* Required action *
Leave the pictures out and repeat the rest of the data below exactly.

* Collected material *
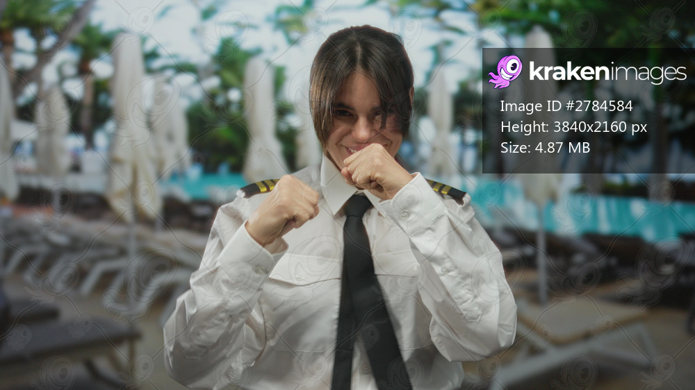 Woman pilot in uniform playfully boxing outdoors at a resort poolside, blending profession with leisure in a lively hotel setting, showcasing determination and fun spirit. - Kraken Images
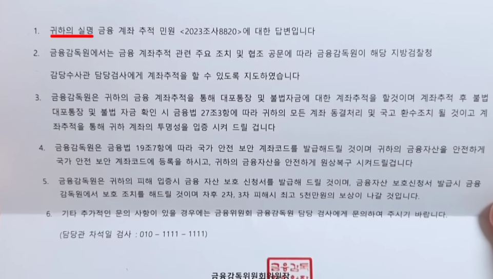 이거 대충 보면 어디서 많이 듣어본 패턴이다. 그렇다 항상 어눌한 말투의 보이스피싱 패턴이다. 최근 이런식으로 우편으로 보내고 담당관 연락처 한테 연락을 하게 하는 방법이라고 한다.
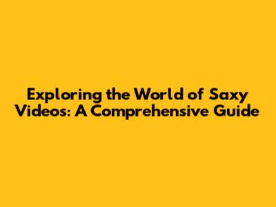 Exploring The World Of Saxy Videos: A Comprehensive Guide

* Response area *
 Woman pilot in uniform playfully boxing outdoors at a resort poolside, blending profession with leisure in a lively hotel setting, showcasing determination and fun spirit. - Kraken Images
 이거 대충 보면 어디서 많이 듣어본 패턴이다. 그렇다 항상 어눌한 말투의 보이스피싱 패턴이다. 최근 이런식으로 우편으로 보내고 담당관 연락처 한테 연락을 하게 하는 방법이라고 한다.
 Exploring The World Of Saxy Videos: A Comprehensive Guide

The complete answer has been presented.